Raggi was reportedly caught by surprise when a majority of politicians from her Five Star Movement and the far-right Brothers of Italy, a descendant of MSI, backed the move in a vote on Thursday.
Almirante established the party in 1946 in dedication to keeping the ideals of dictator Benito Mussolini alive, and led it until a year before his death in 1988. Almirante joined Mussolini’s Fascist Youth Movement at the age of 9.
Giorgia Meloni, leader of Brothers of Italy, was also a member of the youth wing of MSI, while the father of Luigi Di Maio, Italy’s deputy prime minister and leader of the Five Star Movement, was an activist for the party.

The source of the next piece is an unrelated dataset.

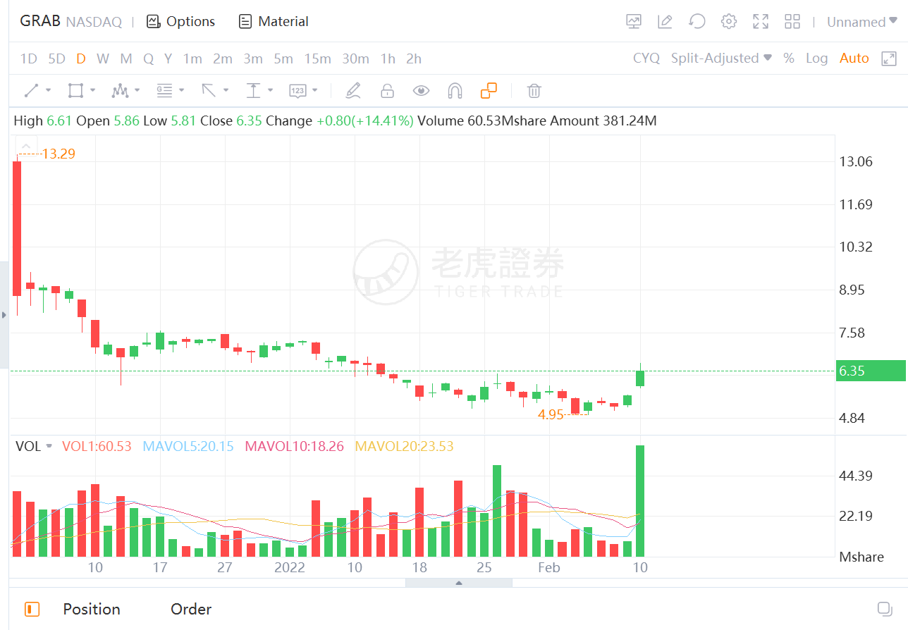 $Grab Holdings(GRAB)$ price action on Daily 14 Feb close up $5.91 is nearing 50SMA $6.61. Would put in some starter positions if it could clear that and add more when it cleared 100SMA around $9.30 [保佑]

Meloni’s party celebrated the approval on Thursday as a “historic victory for the Italian and Roman right”.
Raggi has asked Five Star Movement advisors to prepare a motion preventing the naming of streets after fascists or those who exposed themselves as anti-Semitic or racist.
The vote came after Raggi pledged to rename streets currently named after politicians who signed the anti-Semitic Manifesto of Race during the fascist era.
“Rome is anti-fascist,” Raggi declared in January, adding that she hoped the capital could set an example to other Italian cities in removing the names which “represent a shame for our country”.
2018 marks 80 years since the charter was published, preparing the way for the Racial Laws which came into force later in 1938. Under these laws, Italian Jews were stripped of their citizenship and banned from working in certain professions or attending school.